In the electrolytic stripping device for the stripping process, in the electrolytic stripping tank 110, the plurality of stainless steel plates 300 are connected with the negative electrode of the power supply 200 as the cathode, and the plurality of hanging baskets 400 are connected with the positive electrode of the power supply 200 as the anode, so that the electrolytic stripping device is simple in process flow and convenient to operate; the electrolytic stripping solution is injected into the electrolytic stripping cell 110, and after the power supply 200 is switched on, the baffle 113 is divided into small reaction areas in the electrolytic stripping cell 110, the electrolytic stripping tank 110 is a total electrolytic reaction area, the current passes through the anode and the cathode of the power supply 200, under the action of the electrolytic stripping solution, the metal surface layer causes oxidation-reduction reaction on the cathode and the anode, wherein the oxidation reaction on the anode gradually dissolves the metal surface layer from the hanging basket 400, the metal enters the solution in the form of ions, the reduction reaction on the cathode, along with the dissolution of the metal, the metal ions move to the cathode plate to react and be adsorbed on the stainless steel plate 300, in the electrolytic deplating process, the deplating device consisting of the stainless steel plate 300 and the hanging basket 400 can effectively shorten the time consumed by the deplating process and improve the working efficiency; after the electrolysis is completed, the metal on the surface layer of the stainless steel plate 300 is collected, and the hanging basket 400 is transferred to the deplating cleaning pool 120 for cleaning, so that the hanging basket is convenient to reuse.

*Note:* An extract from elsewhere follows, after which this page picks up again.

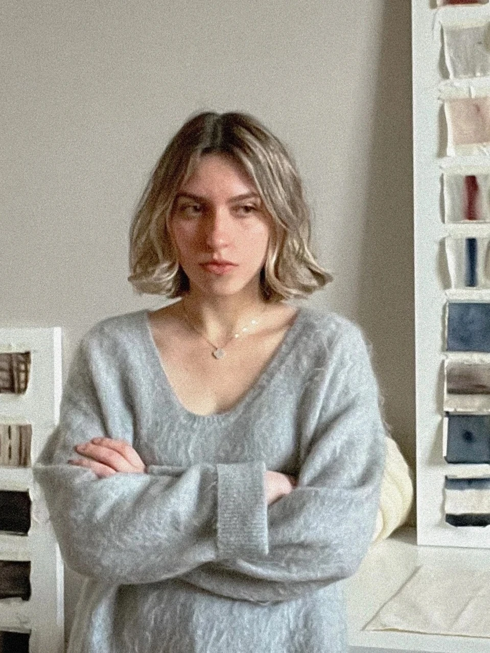 Моя основа — ткань. Я училась на дизайнера одежды, и ткань была первым материалом, через который я думала. Теперь я работаю с ней иначе: она становится холстом, телом, полем. Так что сейчас это шифон, лен, шелк, легкие и суровые ткани, экспериментальный текстиль, светлое дерево. С этими материалами нельзя быть небрежной, в них все видно — каждый жест, каждую нерешенность. Также хочу попробовать работать с пространствами — возможно, архитектурно.

In the electrolytic equipment for the deplating process in the embodiment, the sizes and the dimensions of the electrolytic bath, the electrolytic deplating pool and the deplating cleaning pool can be changed according to different requirements, and the numbers and the dimensions of the hanging basket and the stainless steel plate can be changed according to different requirements; the electrolytic stripping tank is provided with a plurality of baffles, and is different from the embodiment in that the electrolytic stripping tank is an integral electrolytic reaction area when the baffles are not arranged; the stainless steel plates and the hanging baskets are alternately and parallelly distributed to form an electrolytic deplating device in a one-to-one correspondence mode, and the other combination mode can be adopted, and the difference is that the hanging baskets are positioned between the two stainless steel plates.
The technical features of the embodiments described above may be arbitrarily combined, and for the sake of brevity, all possible combinations of the technical features in the embodiments described above are not described, but should be considered as being within the scope of the present specification as long as there is no contradiction between the combinations of the technical features.
The above-mentioned embodiments only represent some embodiments of the present invention, and the description thereof is specific and detailed, but not to be construed as limiting the scope of the present invention. It should be noted that, for those skilled in the art, without departing from the spirit of the present invention, several variations and modifications can be made, which are within the scope of the present invention. Therefore, the protection scope of the present invention should be subject to the appended claims.